Indexify is a versatile data processing framework for all kinds of use cases, including:
- Extracting and Indexing PDF Documents
- Scraping and Summarizing Websites
- Transcribing and Summarizing Audio Files
- Object Detection and Description
- Knowledge Graph RAG and Question Answering
- Multi-Cloud/Datacenter/Region: Leverage Compute in your workflows from other clouds with very little hassle and configuration.
- Distributed Processing: Run functions in parallel across machines for scaleouts use-cases.
- Resource Allocation: Span workflows across GPU and CPU instances so that functions can be assigned to their optimal hardware.
- Dynamic Routing: Route data to different specialized compute functions distributed on a cluster based on conditional branching logic.
Install the Tensorlake SDK for building workflows and the Indexify CLI.
pip install indexify tensorlake
Functions decorated with @tensorlake_function()
are units of compute in your Workflow APIs. These functions can have data dependencies on other functions.
Tensorlake functions are durable, i.e, if the function crashes or the node running the function is lost, it is going to be automatically retried on another running instance with the same input.
You can run as many function instances on the cluster, inputs are going to be automatically load balanced across them when the workflow is called in parallel by other applications.
The example below is a workflow API that accepts some text, embeds the file, and writes it to a local vector-db.
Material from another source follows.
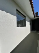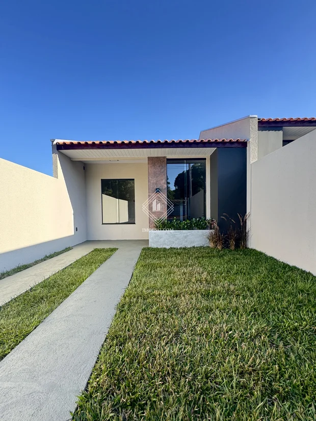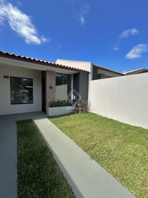 Fachada moderna com janelas amplas, revestimento e arandela, floreira e jardinagem de bom gosto e terreno nos fundos, o espaço propicia construir uma suíte, piscina ou área gourmet.

Each function could be placed on different classes of machines(CPU-only machines for chunking and writing to databases, NVIDIA GPUs for embedding)
from pydantic import BaseModel
from tensorlake import tensorlake_function, Graph, Image, TensorlakeCompute
from typing import List, Union
# Define Input and Outputs of various functions in your workflow
class Text(BaseModel):
text: str
class TextChunk(BaseModel):
chunk: str
page_number: int
class ChunkEmbedding(BaseModel):
text: str
embedding: List[float]
# Define an image capable of running the functions. Each image
# can have their own image
embedding_image = (
Image()
.name("text_embedding_image")
.run("pip install langchain")
.run("pip install sentence_transformer")
.run("pip install langchain-text-splitters")
.run("pip install chromadb")
.run("pip install uuid")
)
# Chunk the text for embedding and retrieval
@tensorlake_function(input_encoder="json", image=embedding_image)
def chunk_text(input: dict) -> List[TextChunk]:
text = Text.model_validate(input)
from langchain_text_splitters import RecursiveCharacterTextSplitter
text_splitter = RecursiveCharacterTextSplitter(
chunk_size=1000,
chunk_overlap=20,
length_function=len,
is_separator_regex=False,
)
texts = text_splitter.create_documents([text.text])
return [
TextChunk(chunk=chunk.page_content, page_number=i)
for i, chunk in enumerate(texts)
]
# Embed a single chunk.
# Note: (Automatic Map) Indexify automatically parallelize functions when they consume an
# element from functions that produces a List. In this case each text chunk is processed
# in parallel by an Embedder function
class Embedder(TensorlakeCompute):
name = "embedder"
image = embedding_image
# TensorlakeCompute function allows initializing resources in the constructors
# and they are not unloaded again until the compute object is destroyed.
def __init__(self):
from sentence_transformers import SentenceTransformer
self._model = SentenceTransformer("all-MiniLM-L6-v2")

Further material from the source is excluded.